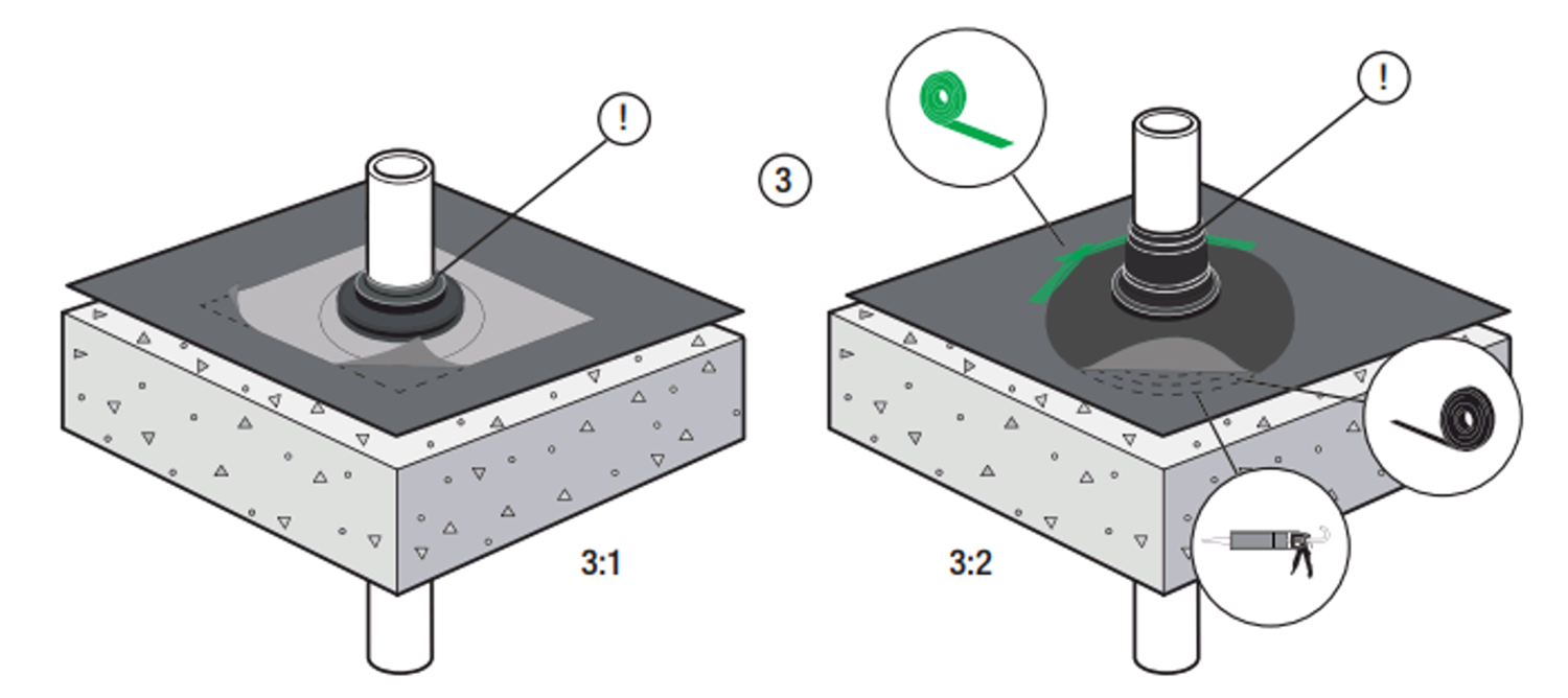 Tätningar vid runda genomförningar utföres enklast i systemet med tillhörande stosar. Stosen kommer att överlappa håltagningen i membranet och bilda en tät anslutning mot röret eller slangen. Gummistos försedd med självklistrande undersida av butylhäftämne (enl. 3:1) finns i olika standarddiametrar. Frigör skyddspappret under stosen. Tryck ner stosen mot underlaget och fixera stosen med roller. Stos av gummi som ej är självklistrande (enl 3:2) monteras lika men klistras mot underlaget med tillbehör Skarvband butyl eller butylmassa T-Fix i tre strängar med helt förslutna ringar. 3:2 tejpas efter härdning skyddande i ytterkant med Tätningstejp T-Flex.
==
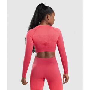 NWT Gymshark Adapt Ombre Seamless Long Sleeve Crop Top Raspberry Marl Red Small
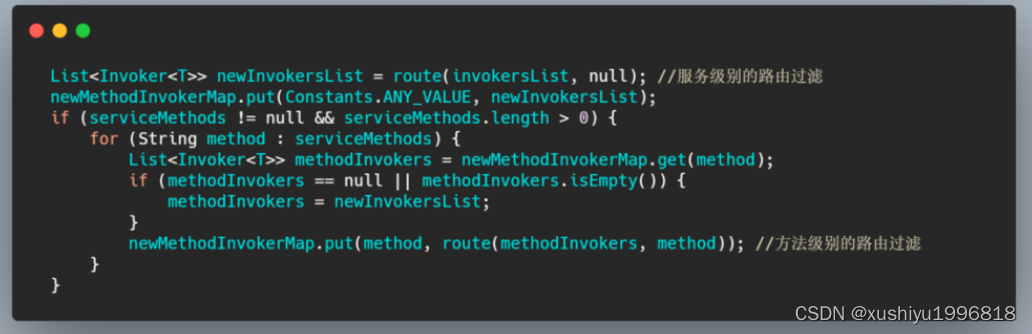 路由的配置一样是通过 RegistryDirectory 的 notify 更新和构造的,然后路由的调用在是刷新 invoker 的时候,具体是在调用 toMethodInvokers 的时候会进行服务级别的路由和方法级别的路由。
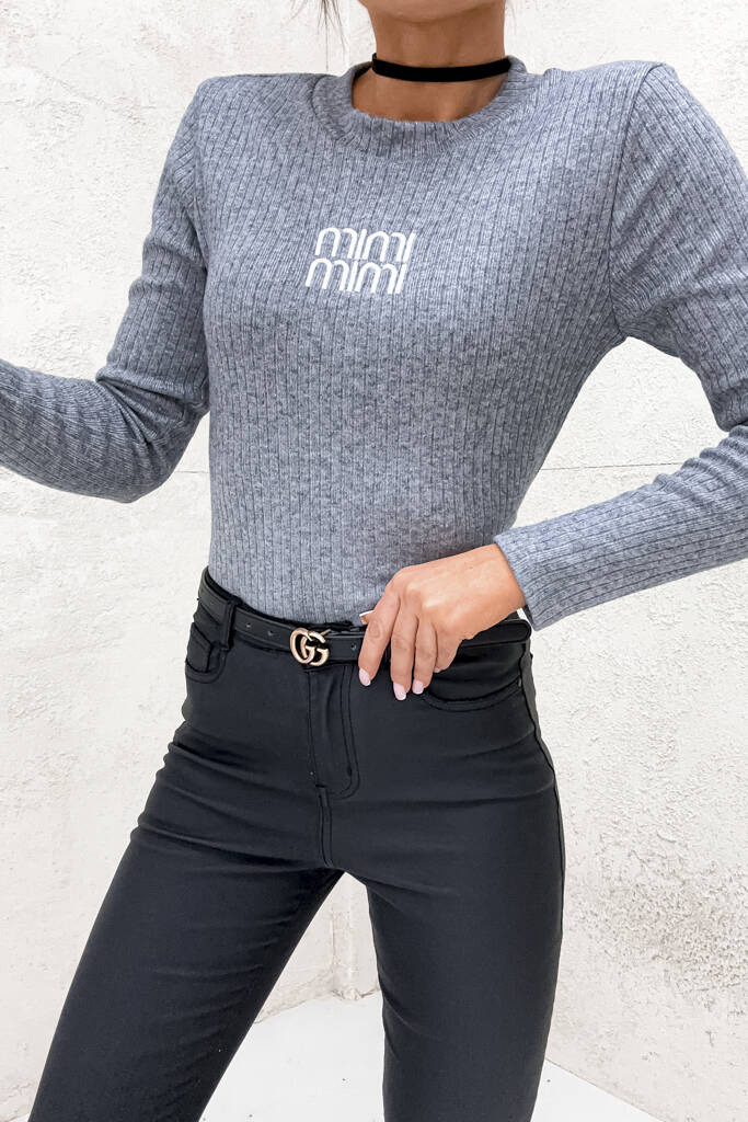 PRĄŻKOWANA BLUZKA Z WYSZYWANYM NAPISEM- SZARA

ASSIGNED TASK —
From the records above, copy exactly the lines starting at the one with "NWT Gymshark Adapt" and ending at the one with "PRĄŻKOWANA BLUZKA Z", and no others. Pictures stay out.

PROBLEM SOLUTION —
 NWT Gymshark Adapt Ombre Seamless Long Sleeve Crop Top Raspberry Marl Red Small
 路由的配置一样是通过 RegistryDirectory 的 notify 更新和构造的,然后路由的调用在是刷新 invoker 的时候,具体是在调用 toMethodInvokers 的时候会进行服务级别的路由和方法级别的路由。
 PRĄŻKOWANA BLUZKA Z WYSZYWANYM NAPISEM- SZARA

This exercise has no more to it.